● Exercise: Which lines run from the one containing "(三)分县区来看,经济效益整" through the end of the data? Write them out exactly, with the pictures left out.

● Information provided:
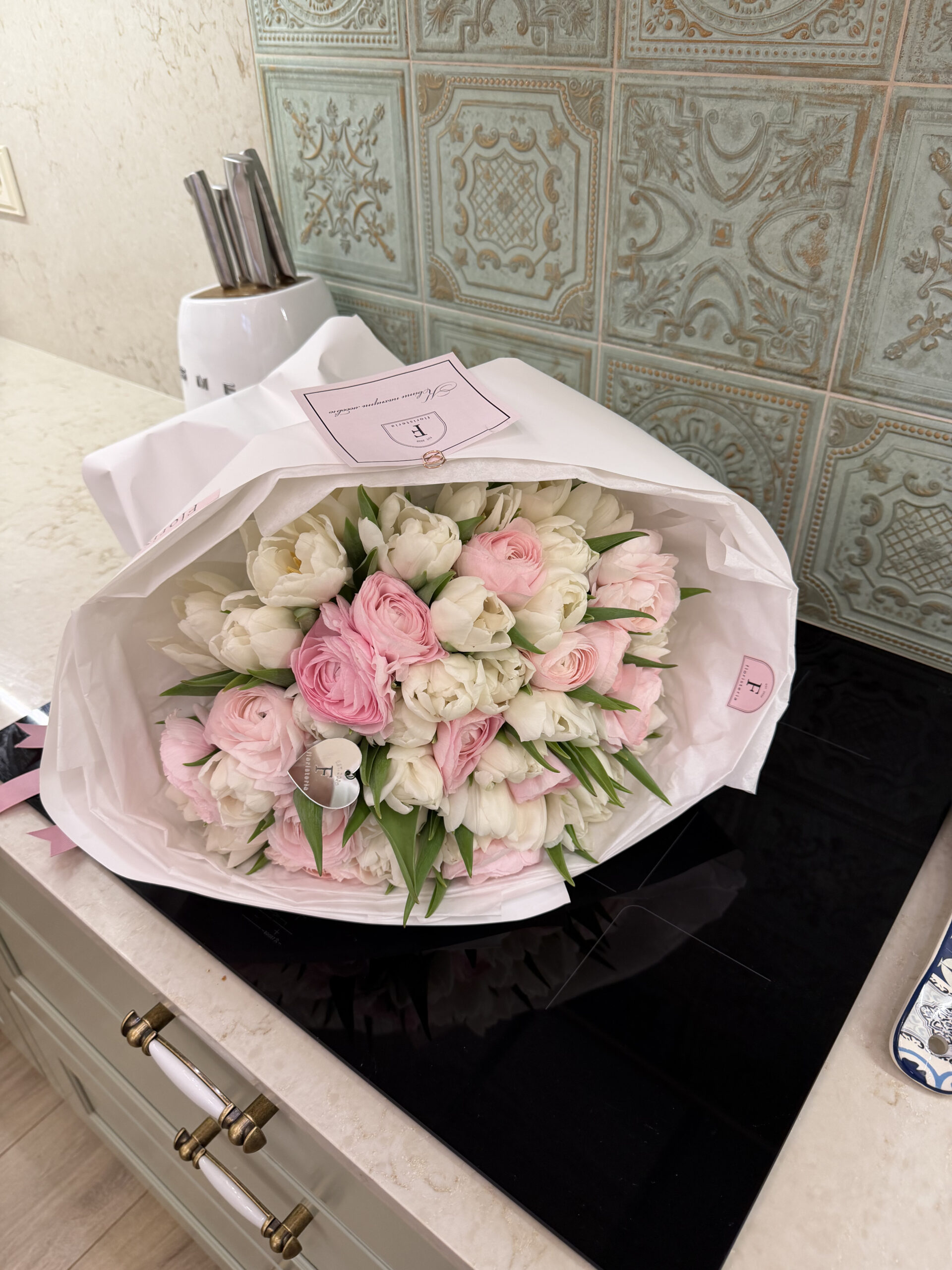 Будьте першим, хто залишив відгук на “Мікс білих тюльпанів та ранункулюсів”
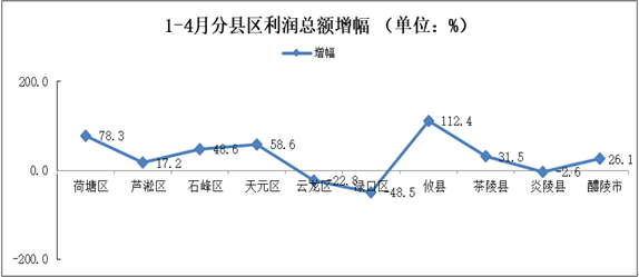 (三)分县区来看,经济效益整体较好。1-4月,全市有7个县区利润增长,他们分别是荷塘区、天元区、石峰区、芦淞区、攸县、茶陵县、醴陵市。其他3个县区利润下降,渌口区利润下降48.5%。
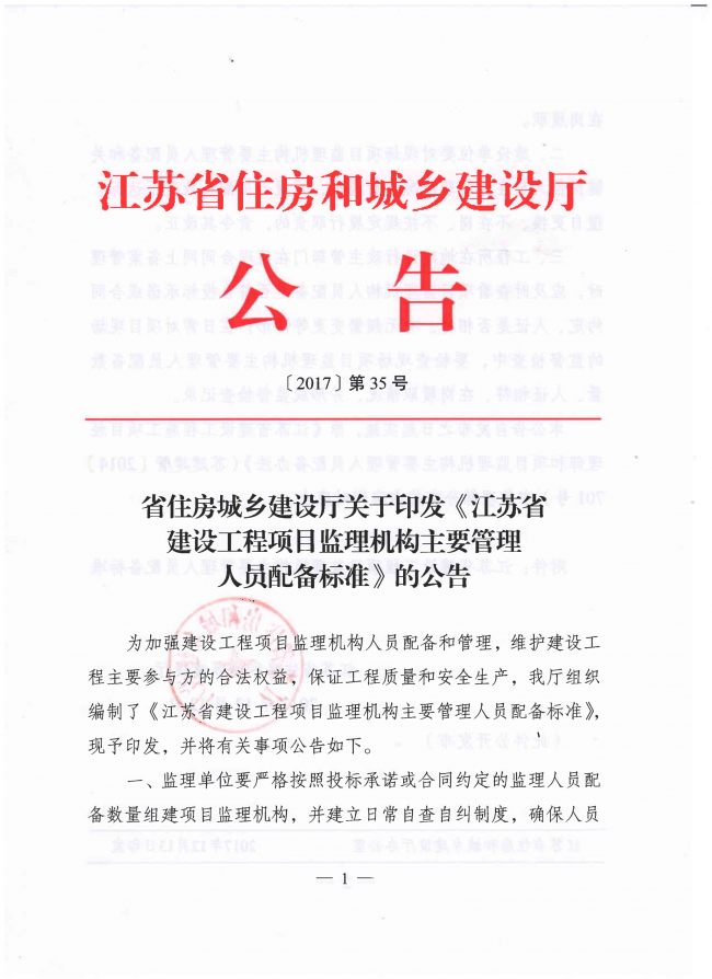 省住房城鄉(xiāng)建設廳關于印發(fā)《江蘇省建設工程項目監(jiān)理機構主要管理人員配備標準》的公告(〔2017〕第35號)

● Output for this exercise:
 (三)分县区来看,经济效益整体较好。1-4月,全市有7个县区利润增长,他们分别是荷塘区、天元区、石峰区、芦淞区、攸县、茶陵县、醴陵市。其他3个县区利润下降,渌口区利润下降48.5%。
 省住房城鄉(xiāng)建設廳關于印發(fā)《江蘇省建設工程項目監(jiān)理機構主要管理人員配備標準》的公告(〔2017〕第35號)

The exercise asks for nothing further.